Durante toda uma manhã, Yasen voou pelo ar livre, sentiu o sol lhe aquecer a pele, deixou-se repousar na grama macia, satisfazendo cada curiosidade que a liberdade lhe inspirava. Explorou até se cansar e, quando isso aconteceu, pousou na beira de um riacho que havia ali, maravilhando-se com o frescor e a textura da água, tão diferentes das chuvas que caíam em seu lar. Foi sorrindo que tocou, quase com medo, a superfície cristalina com a ponta dos pés, brincando de fazer crescer belos juncos ao seu redor. E foi nesse momento que Aysel, que tudo observava guardando distância e curiosidade, decidiu aproximar-se.

"Quem é você?"

Yasen saltou com o susto, espalhando água. Com as delicadas asas batendo tanto quanto o coração pequeno, aproximou-se devagar, observando a criatura com grandes e belos olhos azuis, rodeados de cílios tão brancos quanto o resto da pele.

"Quem é você?", perguntou, por sua vez, "Não é uma fada, é? Não tem asas..."

"Asas?", Aysel franziu a testa, confusa, "O que são... asas?"

Yasen virou-se então, mostrando as belas e intrincadas asas à criatura, que acompanhou maravilhada o movimento.

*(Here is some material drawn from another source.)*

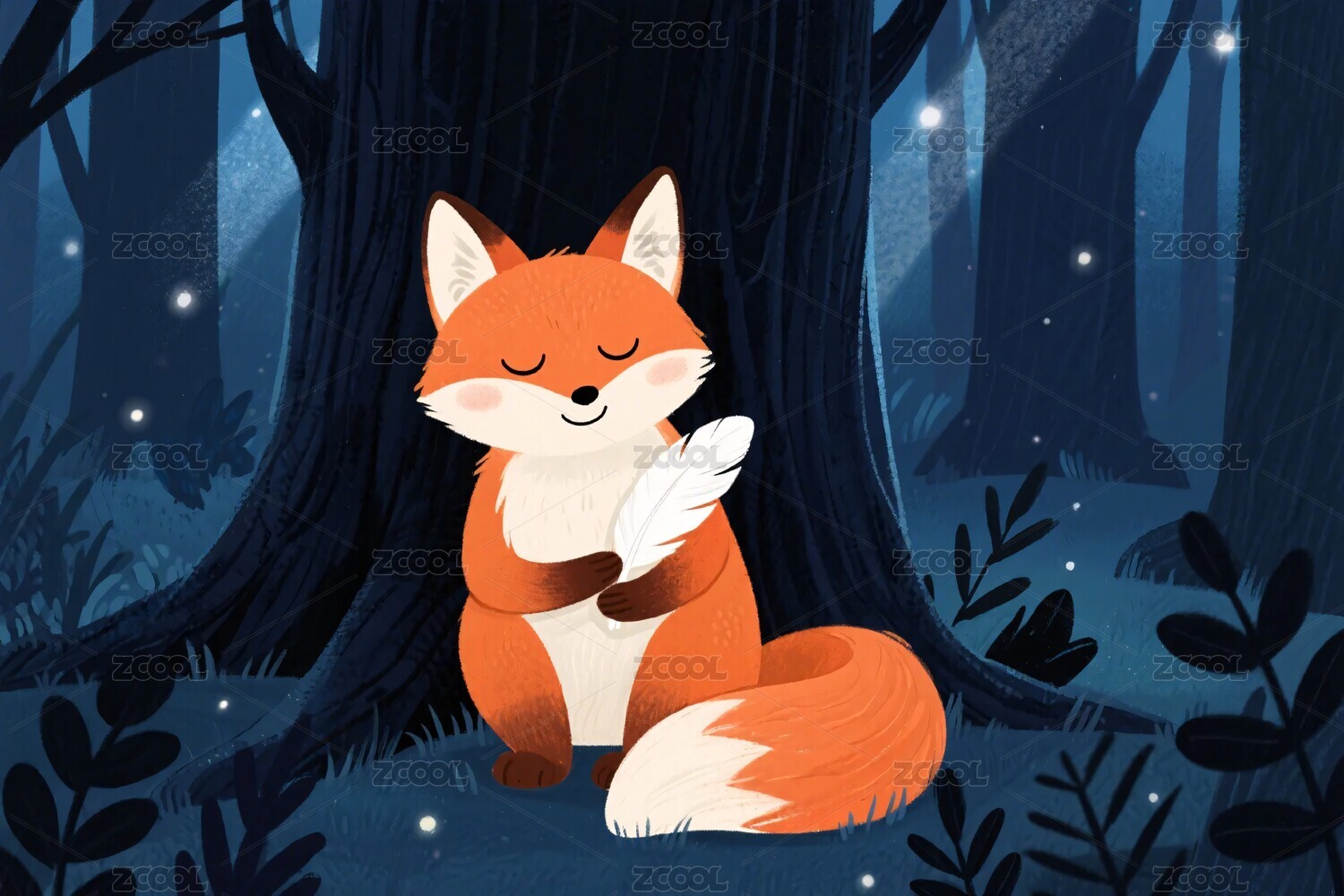 森林中的小狐狸抱着羽毛

Com um breve floreio, a fada voltou a sentar-se, colocando de novo os pés na água límpida.

"O que é isso?", Aysel perguntou, admirada, esticando os dedos pálidos e unidos por membranas para tocar o pé da fada, que riu baixinho ao sentir o toque frio e escorregadio.

"É o meu pé. Você não tem pés?"

A sereia negou, subindo com curiosidade os dedos pela batata da perna de Yasen, o que deixou um rastro molhado na pele escura.